§ Given data:
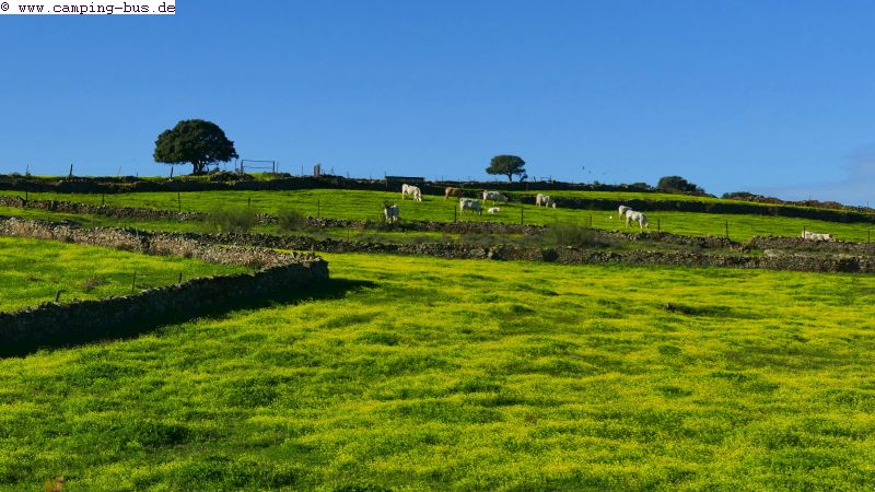 Nur schwach zu erkennen ist die Bergstadt Marvão. Zwischen dem Stausee von Cedillo und Valencia de Alcántara gibt es keine öffentliche Straße an die Grenze bzw. in das Tal des Río Sever. Die ganze Landschaft ist eingezäunt und dient Kühen, Schafen und Schweinen als Weide.
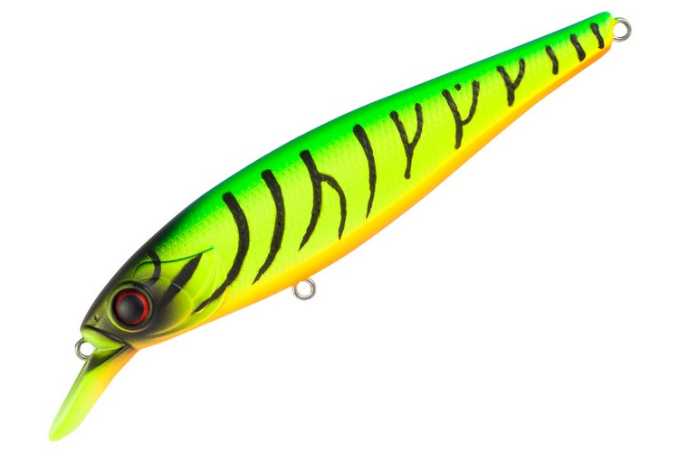 Воблер TsuYoki DRAGA 100SP Воблер DRAGA 100SP от TsuYoki мы относим к отряду ” big minnow “, но не только из-за размера воблера, хотя 100 мм и 17.3 гр веса, довольно весомый аргумент для занесения в это легендарное подразделение. Этот воблер прописан там по способности подымать щуку с глубин, заметно превышающих собственное заглубление приманки. Давайте подробно разберем эту модель: Итак, воблер DRAGA 100SP предназначен для ловли, в первую очередь щуки, во всех местах, с фоновой глубиной до четырех метров. Система балансировки воблера состоит из свинцовой пластины, расположенной в головной части воблера и нескольких стальных шаров,перемещающихся по индивидуально выделенному, для каждого шара каналу.Магнитной системы нет. По этой причине воблер немного не стабильно ведет себя в фазе полета, но солидный собственный вес достаточно хорошо сглаживает этот небольшой недостаток. После приводнения, воблер довольно быстро выходит на свой рабочий горизонт (где- то 1.3-1.6 метра, в зависимости от толщины шнура) который стабильно держит все время. При равномерной проводке приманка показывает вальяжную игру, со средне-частотными характеристиками. Но, свои лучшие качества DRAGA 100SP показывает при анимации методом твичинг. При твичинге воблер стремительно и широко рыщет по сторонам, легко разворачивается,показывая свой живот при этом. На паузах воблер обладает остаточными колебаниями, сводящими с ума пассивного хищника. Не упорист. Легок в управлении. При наличии течения допускает проводку ” по течению” без потери рабочих качеств. С поводком становится чистым суспендерм, что также положительно сказывается при работе в холодной воде по пассивному хищнику. Оснащен тройниками OWNER и набором силовых колец. Широкая цветовая гамма позволяет подобрать воблер под любые условия ловли. Мы считаем, что этого набора качеств достаточно для прописки воблера в Вашей коробке. Минноу Суспендер (SP) 100 мм 17,3 гр Заглубление 0,2-1,4 м
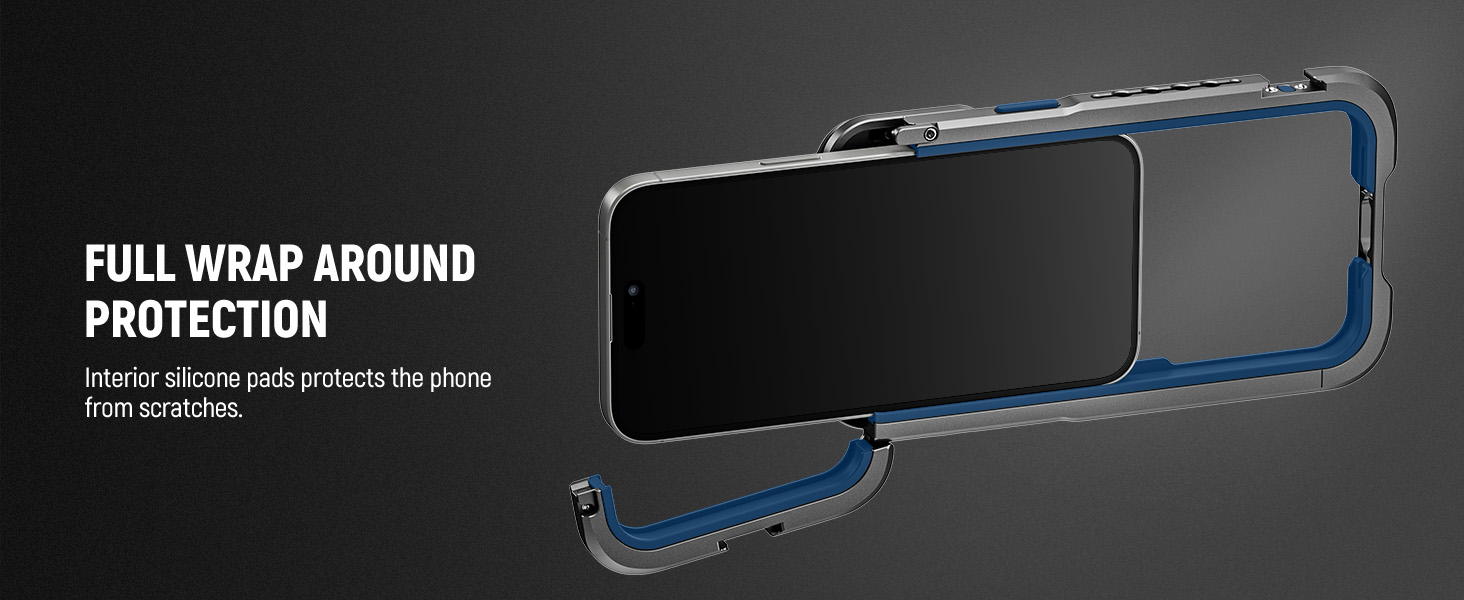 Built with solid CNC machined aluminum alloy, the case can resist scratches, bumps, and impacts, making it essential for outdoor vlogging and photography.
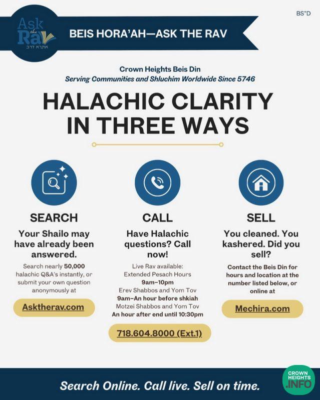 For immediate halachic guidance, contact the AskTheRav Hotline at 718-604-8000, extension 1. Operating hours until Pesach are:
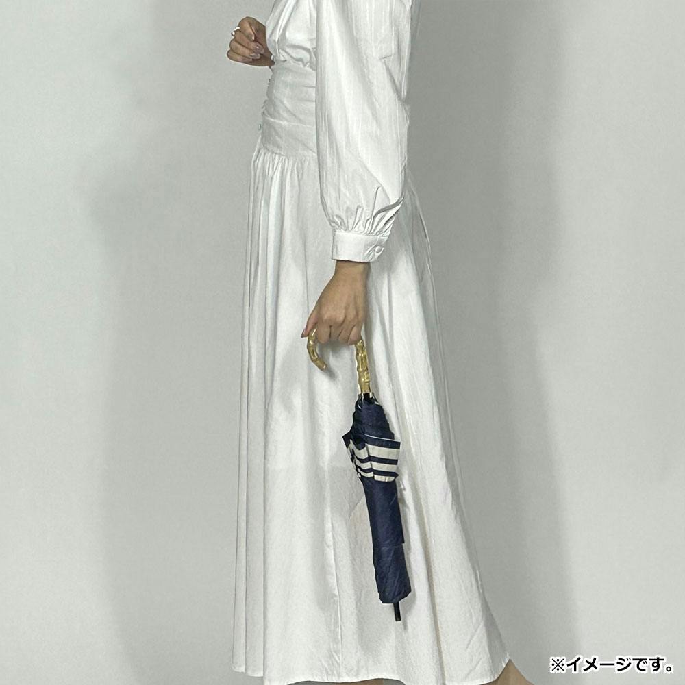 晴雨兼用ショートワイド傘 竹手元 裏黒コーティング マリンボーダー ネイビー ×1点【送料込み】 #4571145784590
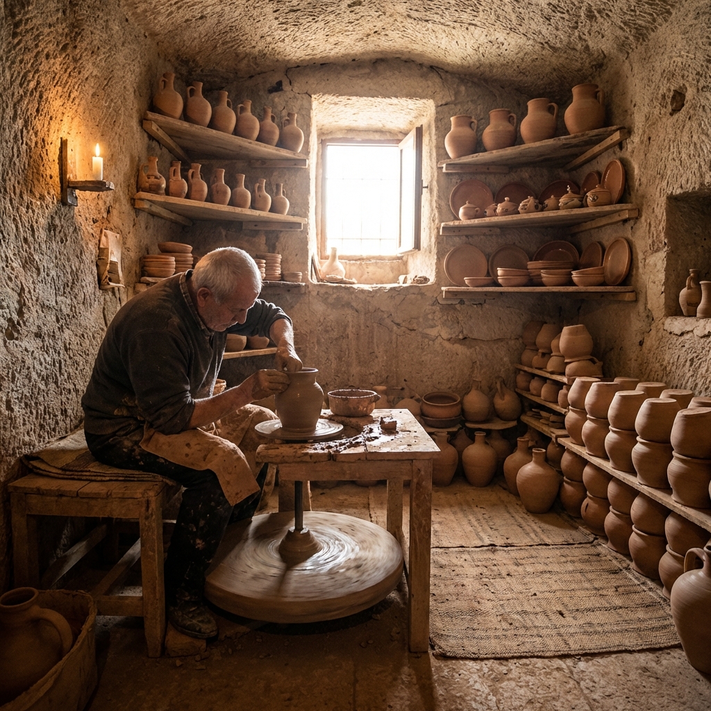 You sit around a master potter. He spins the kick-wheel (foot-powered) and transforms a lump of mud into a perfect wine jug in 60 seconds. It's mesmerizing. This part is usually free.
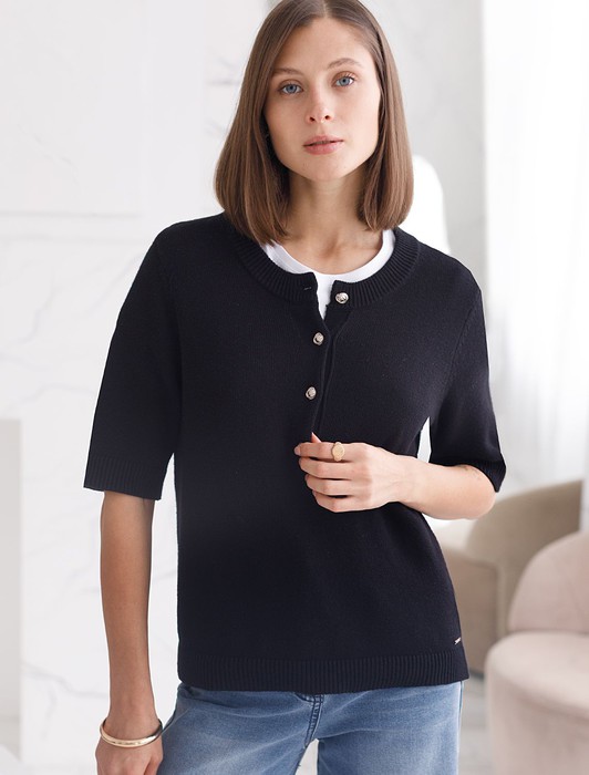 Состав: 70%Хлопок 21%ПА 9%Кашемир Плотность: 12 GG Размер товара на первом фото: 42Джемпер тонкой вязки выполнен из хлопка с добавлением кашемира. Модель с круглым вырезом дополнена золотистыми пуговицами. Мягкая и очень приятная пряжа совершенно не колется, сохраняет тепло при этом не перегревая, гарантируя безупречный комфорт.
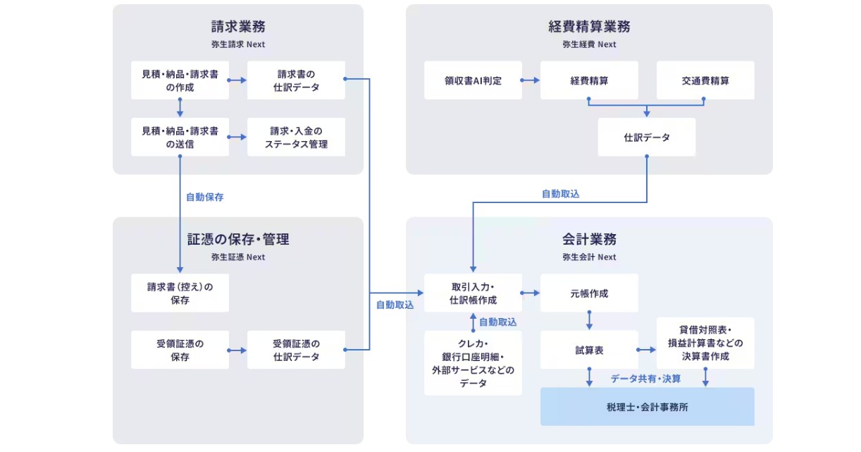 実は弥生会計 Next は、会計業務だけでなく、請求業務・経費精算・証憑管理まで1つのサービスで対応できます。これらのデータはすべて自動で連携されるため、入力の手間やミスを減らしながら、バックオフィス全体の効率化を図れます。参考画像※3
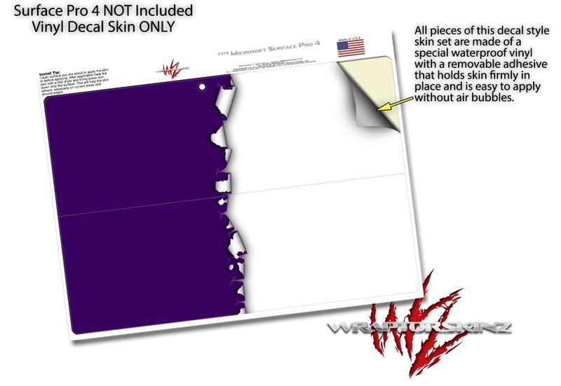 Decal Style Vinyl Skin for Microsoft Surface Pro 4 - Ripped Colors Purple White - (SURFACE NOT INCLUDED)
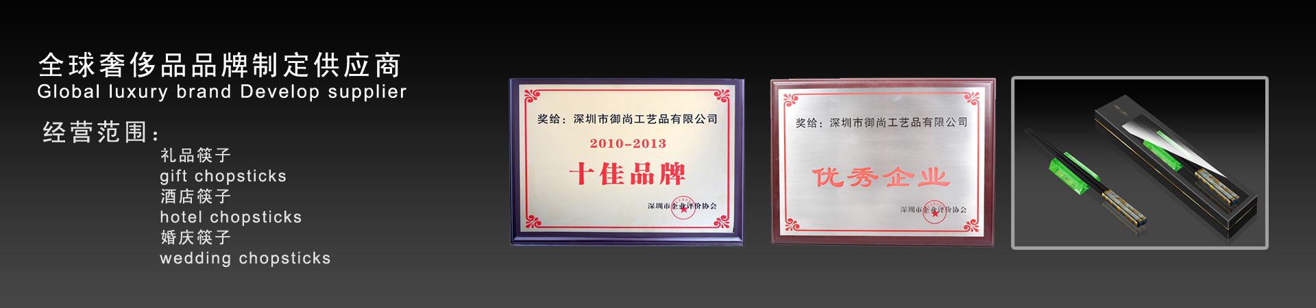 御尚健康產(chǎn)業(yè)(深圳)有限公司旗下御尚工藝筷子榮獲深圳市企業(yè)評價(jià)協(xié)會授予的2013年度“優(yōu)秀企業(yè)”和年度“十佳品牌獎(jiǎng)”稱號。 深圳市御尚工藝品前身為深圳市御尚工藝筷子廠,是御尚健康產(chǎn)業(yè)(深圳)有限公司和香港御尚實(shí)業(yè)有限公司全資子公司,是一家專業(yè)從事高檔筷子及紅木工藝品設(shè)計(jì),研發(fā)和銷售及生產(chǎn)為一體的專業(yè)供應(yīng)商,位...【更多詳情】
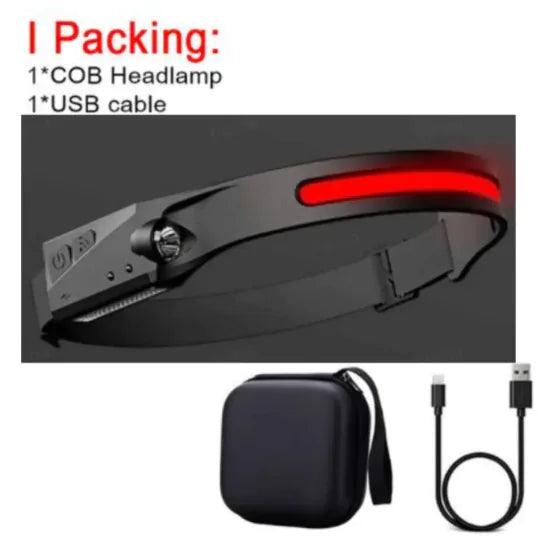 This COB LED induction headlamp offers powerful, hands-free lighting for outdoor activities like camping, hunting, or riding. Featuring a USB rechargeable battery, waterproof design, and all-perspective adjustable beam, it ensures reliable lighting in any environment.
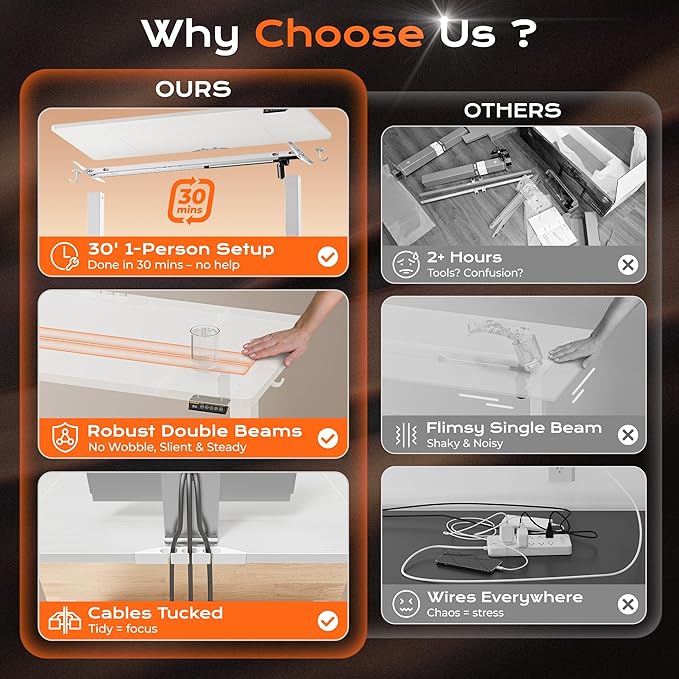 - 【Whisper-Quiet Operation】Powered by a robust yet quiet motor (operating at less than 45 DB), the wide deep desk brings smooth height adjustments without disturbing your household or office environment. This standup desk for home office is ideal for keeping focus and slient
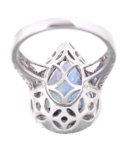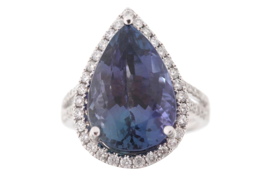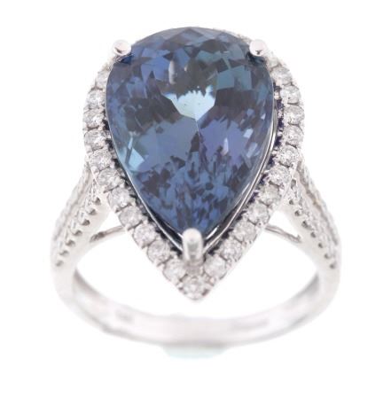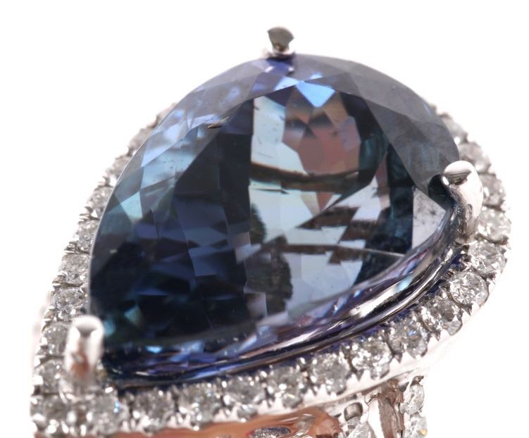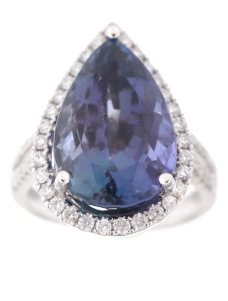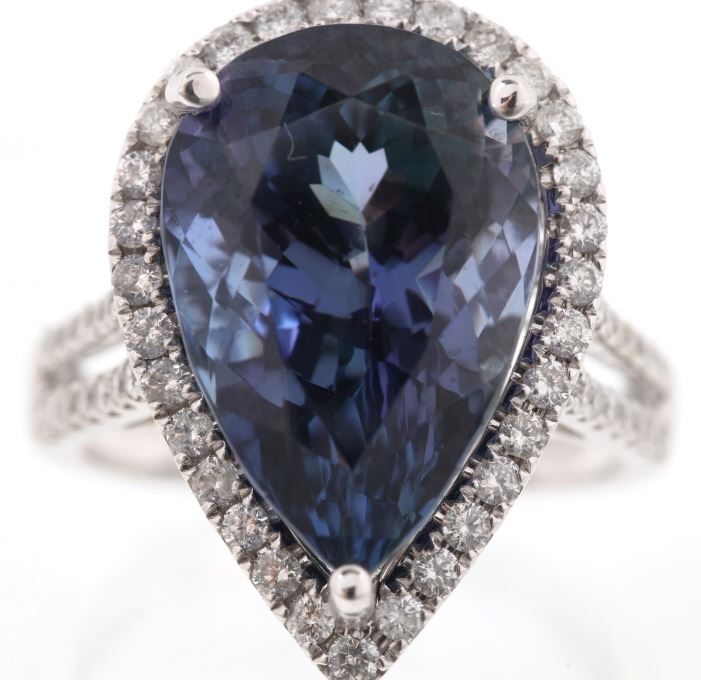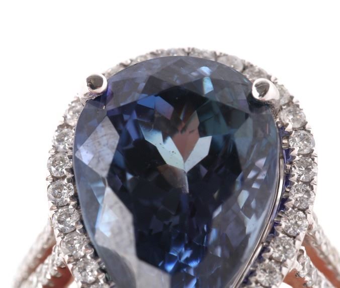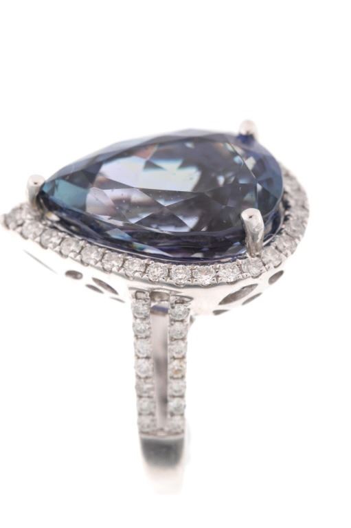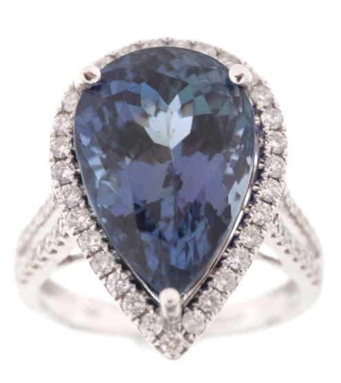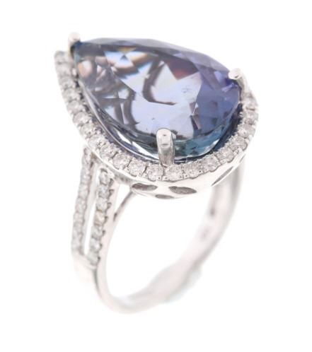 This is an exceptional natural 11.98 carat Tanzanite and Diamond 14K white gold Ring with GIA and AIG paperwork. Tanzanite Is a very rare precious gemstone that is only found in the Usumburu Mountains that border the Umba Valley of northern Tanzania. Originally discovered in 1967 by Tiffany & Company who named the stone Tanzanite. This example is unique due to its exceptional pleochroism (an optical phenomenon in which a stone has different colors when observed at different angles). The ring is from renowned designer Orianne Collins and is marked, "ORIANNE 14K”. The solid 14 karat white gold ring features a pear cut natural Tanzanite with brilliant cut crown and modified brilliant cut pavilion showing a total weight of 11.98 carats, excellent Violetish-Blue deep coloring and fine clarity. The ring comes with a GIA (Gemological Institute of America) which confirms the above info and states that it is an authentic natural Tanzanite stone (GIA paperwork is considered the gold standing in Jewelry). The piece also comes with an AIG (American International Gemologists) report and appraisal which values the ring at $38,000.00. The ring shows a size of 7 US.

§ Task objective: In the listing above, find the line holding "Состав: 70%Хлопок 21%ПА" and the line holding "御尚健康產(chǎn)業(yè)(深圳)有限公司旗下御尚". Reproduce those two lines and all between them exactly, leaving out pictures.

§ Result below:
 Состав: 70%Хлопок 21%ПА 9%Кашемир Плотность: 12 GG Размер товара на первом фото: 42Джемпер тонкой вязки выполнен из хлопка с добавлением кашемира. Модель с круглым вырезом дополнена золотистыми пуговицами. Мягкая и очень приятная пряжа совершенно не колется, сохраняет тепло при этом не перегревая, гарантируя безупречный комфорт.
 実は弥生会計 Next は、会計業務だけでなく、請求業務・経費精算・証憑管理まで1つのサービスで対応できます。これらのデータはすべて自動で連携されるため、入力の手間やミスを減らしながら、バックオフィス全体の効率化を図れます。参考画像※3
 Decal Style Vinyl Skin for Microsoft Surface Pro 4 - Ripped Colors Purple White - (SURFACE NOT INCLUDED)
 御尚健康產(chǎn)業(yè)(深圳)有限公司旗下御尚工藝筷子榮獲深圳市企業(yè)評價(jià)協(xié)會授予的2013年度“優(yōu)秀企業(yè)”和年度“十佳品牌獎(jiǎng)”稱號。 深圳市御尚工藝品前身為深圳市御尚工藝筷子廠,是御尚健康產(chǎn)業(yè)(深圳)有限公司和香港御尚實(shí)業(yè)有限公司全資子公司,是一家專業(yè)從事高檔筷子及紅木工藝品設(shè)計(jì),研發(fā)和銷售及生產(chǎn)為一體的專業(yè)供應(yīng)商,位...【更多詳情】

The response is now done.